== Segment start ==
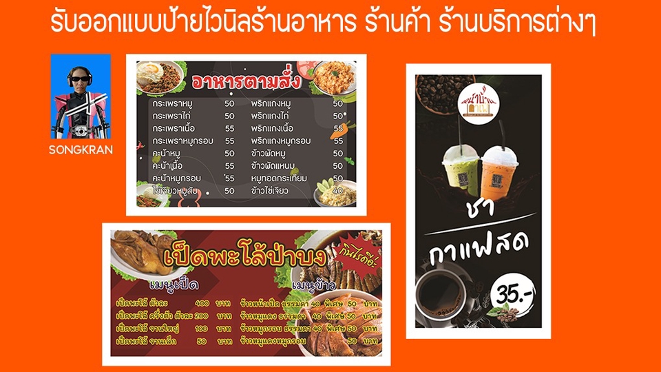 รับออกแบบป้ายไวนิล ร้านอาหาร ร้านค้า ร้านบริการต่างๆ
== Segment end ==
== Segment start ==
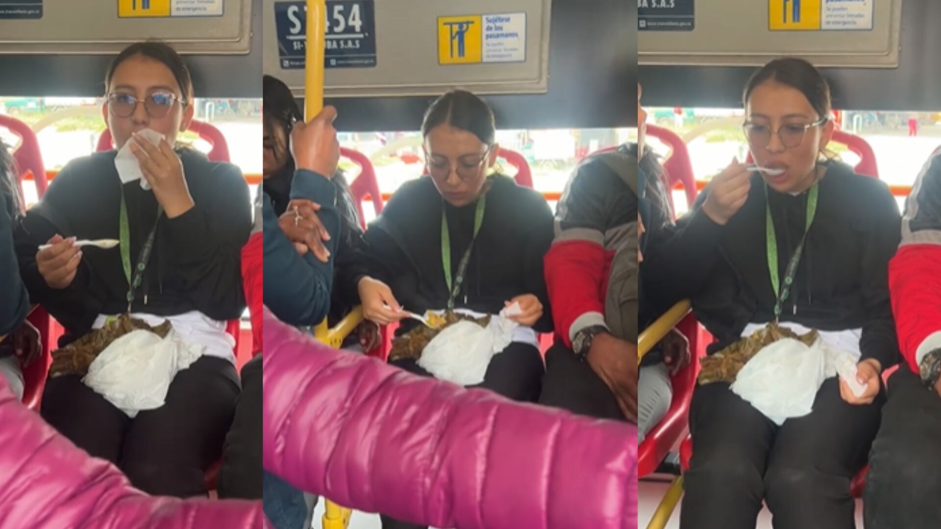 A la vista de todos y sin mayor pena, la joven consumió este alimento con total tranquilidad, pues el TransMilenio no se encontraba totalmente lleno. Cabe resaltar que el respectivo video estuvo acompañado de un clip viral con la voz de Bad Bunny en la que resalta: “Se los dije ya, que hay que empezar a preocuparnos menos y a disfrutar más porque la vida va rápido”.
== Segment end ==
== Segment start ==
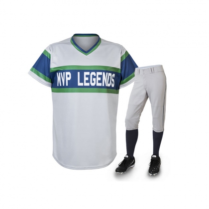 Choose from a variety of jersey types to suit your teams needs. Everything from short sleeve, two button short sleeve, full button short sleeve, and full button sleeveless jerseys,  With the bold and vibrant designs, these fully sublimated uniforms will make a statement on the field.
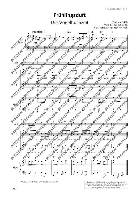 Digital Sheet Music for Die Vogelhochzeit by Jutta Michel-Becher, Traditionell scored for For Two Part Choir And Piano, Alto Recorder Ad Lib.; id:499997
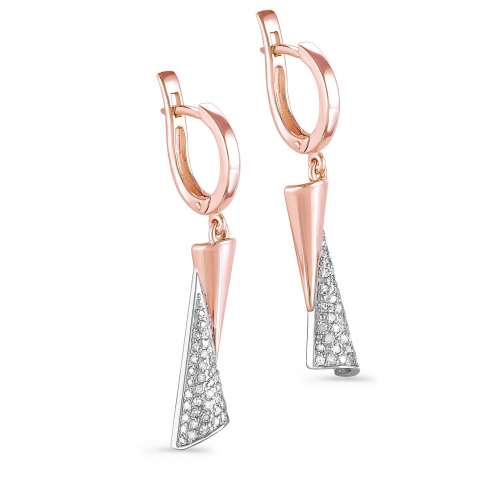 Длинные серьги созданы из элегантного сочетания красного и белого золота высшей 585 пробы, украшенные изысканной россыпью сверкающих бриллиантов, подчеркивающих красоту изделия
== Segment end ==
> _YOUR GOAL_
Above are the records; return the lines in them from the one with "Choose from a" to the one with "Длинные серьги созданы", inclusive, exactly and without images.

> _RESULT_
 Choose from a variety of jersey types to suit your teams needs. Everything from short sleeve, two button short sleeve, full button short sleeve, and full button sleeveless jerseys,  With the bold and vibrant designs, these fully sublimated uniforms will make a statement on the field.
 Digital Sheet Music for Die Vogelhochzeit by Jutta Michel-Becher, Traditionell scored for For Two Part Choir And Piano, Alto Recorder Ad Lib.; id:499997
 Длинные серьги созданы из элегантного сочетания красного и белого золота высшей 585 пробы, украшенные изысканной россыпью сверкающих бриллиантов, подчеркивающих красоту изделия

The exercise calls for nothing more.